Prime Minister Persad Bissessar said that Trinidad and Tobago is proud to host the Caribbean launch of the report, stating, “It is not only a formal event, it is a reaffirmation of our unwavering commitment to sustainable, inclusive, people-centred development.”

She stated that her government is committed to establishing mechanisms that enable the country to navigate uncertainty with clarity and purpose.

“We will construct institutions that embrace complexity and respond with agility. We will invest in infrastructure that empowers communities in Trinidad and in Tobago. We will create an environment where every citizen, in every community, feels seen, heard, and served.

“These are not abstract policy goals.
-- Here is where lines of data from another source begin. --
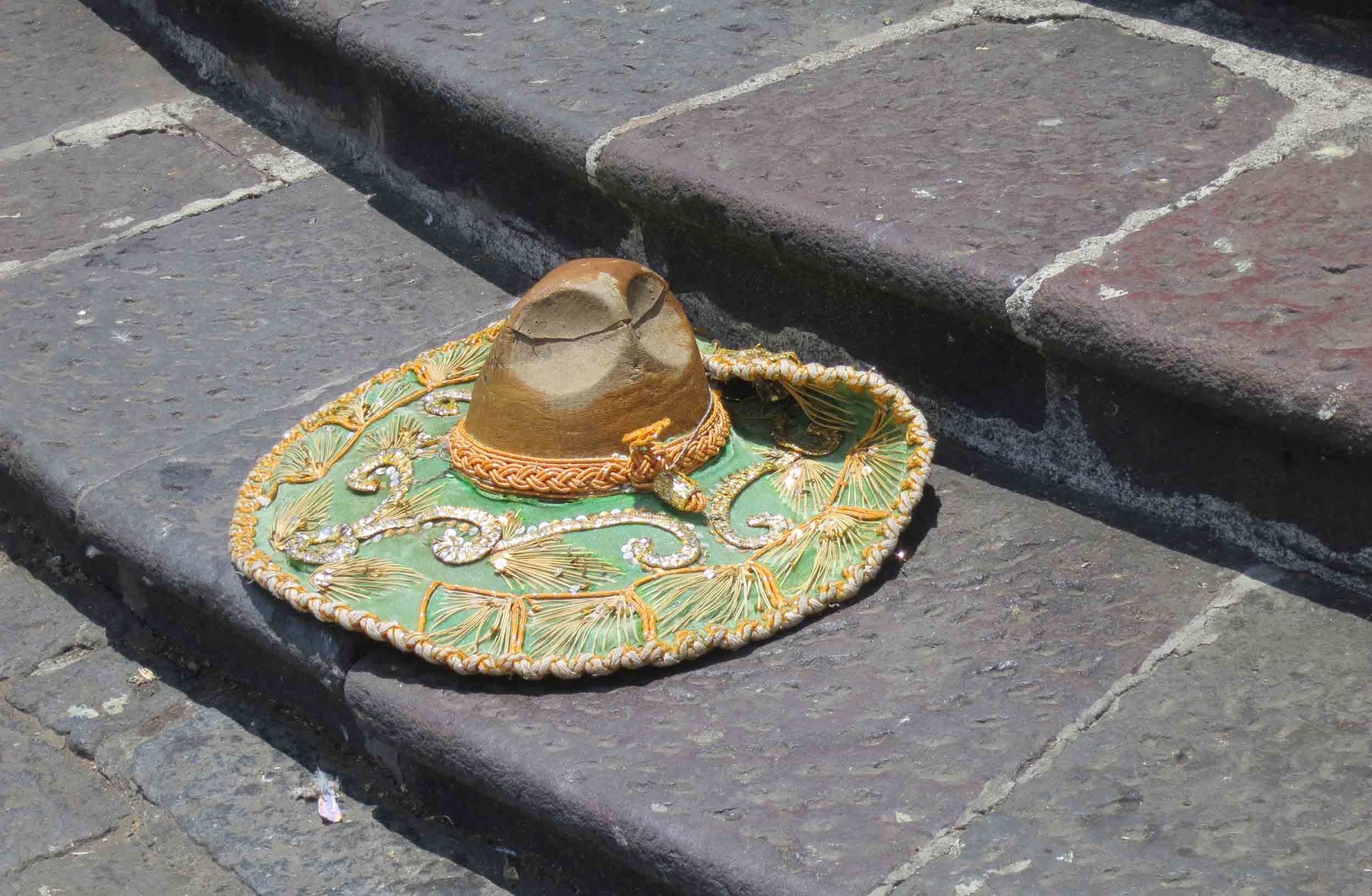 A lone hat on a stone step.
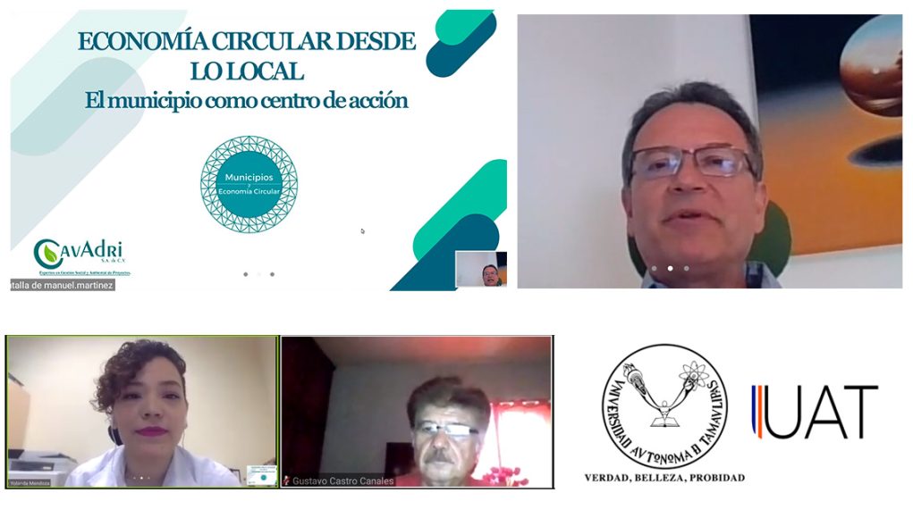 Al ponerse en marcha la Tercera Edición de la Semana de la Sustentabilidad organizada en línea por la Universidad Autónoma de Tamaulipas (UAT) se impartió la conferencia virtual “Economía Circular desde lo local; el municipio como línea de acción”, que abordó situaciones referentes al sistema de aprovechamiento de recursos, donde se privilegia la producción de bienes y servicios de manera sostenible.
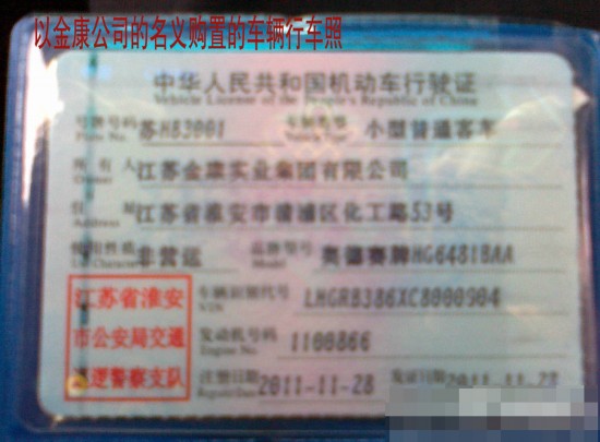 圖中文字為:以金康公司的名義購置的車輛行車照。
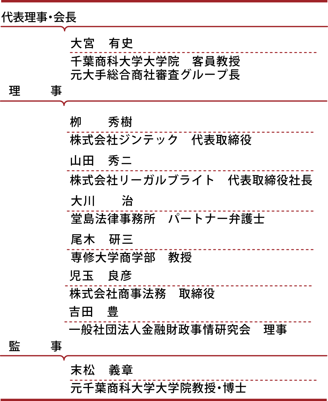 | 設立の目的 | 与信管理及び関連する諸分野についての理論及び実務の研究、並びに与信管理の品質及び与信管理実務担当者の専門的能力の向上を推進するとともに、与信管理に関する知識を広く一般に普及することにより、わが国産業、経済の健全な発展に資することを目的とする。 |
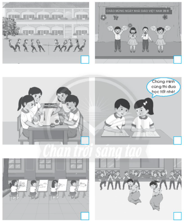 Đánh dấu tích vào □ ở hình chỉ các hoạt động mà trường em đã tổ chức để chào mừng ngày Nhà giáo Việt Nam 20-11

They are the foundations of a prosperous future for Trinidad and Tobago. Of sustainable development for our Caribbean region,” she said, adding that they are reflected in the Regional Human Development Report 2025.

She said that the UNDP report should be viewed as being more than numbers.

“They are a compass, reminding us that true progress is measured not in GDP (gross domestic product) alone, but in the quality of our classrooms, the strength of our healthcare, the fairness of our justice, and the dignity of our people”.

She notes that with regards to Trinidad and Tobago, the report places the oil-rich twin island republic “among the very high human development nations,” which she said was earned “through sacrifice, investment, and resilience.

“But it is slipping, and this is a warning. We cannot rest. We must act with urgency, with vision, and with resolve,” she said, noting that the contents of the report must bring all stakeholders worldwide “to act with courage, imagination, and faith.

“Together, let us turn risk into resilience, pressure into progress, and uncertainty into opportunity, for Trinidad and Tobago, for the Caribbean, and for all humanity,” she told the audience at the launch.